In this case, elevated hepatobiliary enzymes were noted when the patient was diagnosed with rheumatoid arthritis, but blood tests and imaging studies revealed no signs suggestive of malignancy. Contrast-enhanced CT revealed findings suspected of cirrhosis and he had a history of drinking alcohol, so it is considered that there was a risk of developing hepatocellular carcinoma. The patient was subsequently administered baricitinib for 2 months and tofacitinib for 4 months, whereupon contrast-enhanced CT revealed a large hepatic tumor. Given the classic imaging findings for hepatocellular carcinoma and high levels of tumor markers, the patient was diagnosed with hepatocellular carcinoma.
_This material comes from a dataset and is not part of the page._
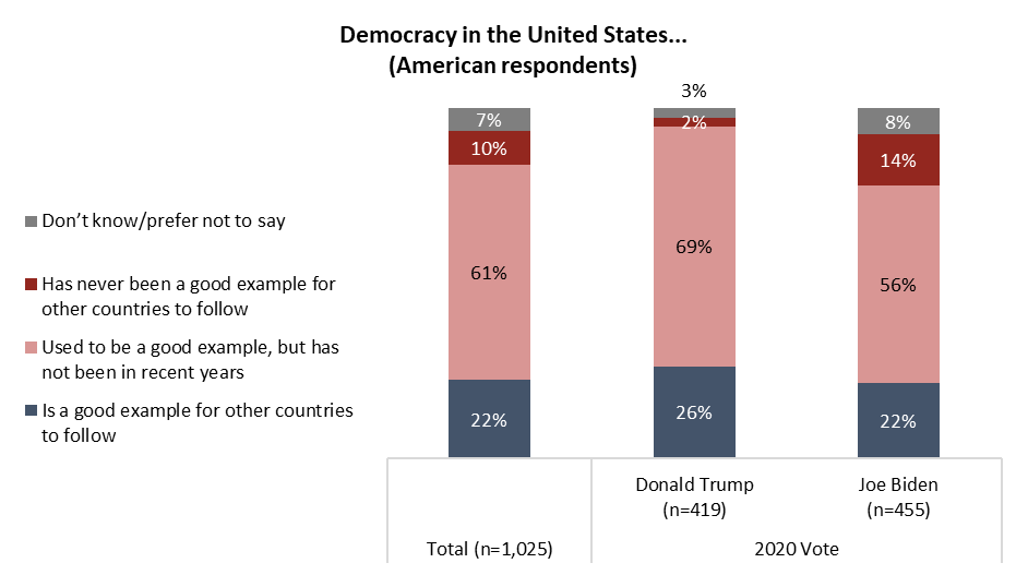Although those who voted for Trump in the last election are the most likely to say that democracy in the United States is a good example for other countries to follow at one quarter (26%), there remains significant disagreement over the results of the last election. Two-in-five (41%) who voted for Trump responded that he definitely won the last presidential election, while another third (32%) say that he probably won. A significant minority of Trump voters, one-fifth (20%), believe Biden definitely or probably won. By contrast, 2020 Biden voters are near-unanimous in their view of how the election turned out:

There are many aspects of the relationship between tofacitinib and baricitinib and malignancy that have yet to be clarified. Tofacitinib was recently reported to have the potential to increase the risk of malignancy, but its causal relationship with hepatocellular carcinoma is unclear. In this case, the causal relationship between JAK inhibitors and hepatocellular carcinoma cannot be determined because the patient originally had risk factors for hepatocellular carcinoma. However, it is possible that JAK inhibitors contributed to the development of hepatocellular carcinoma in the present case. The relationship between JAK inhibitors and malignancy needs to be elucidated further. We suggest that careful follow-up is required when administering JAK inhibitors.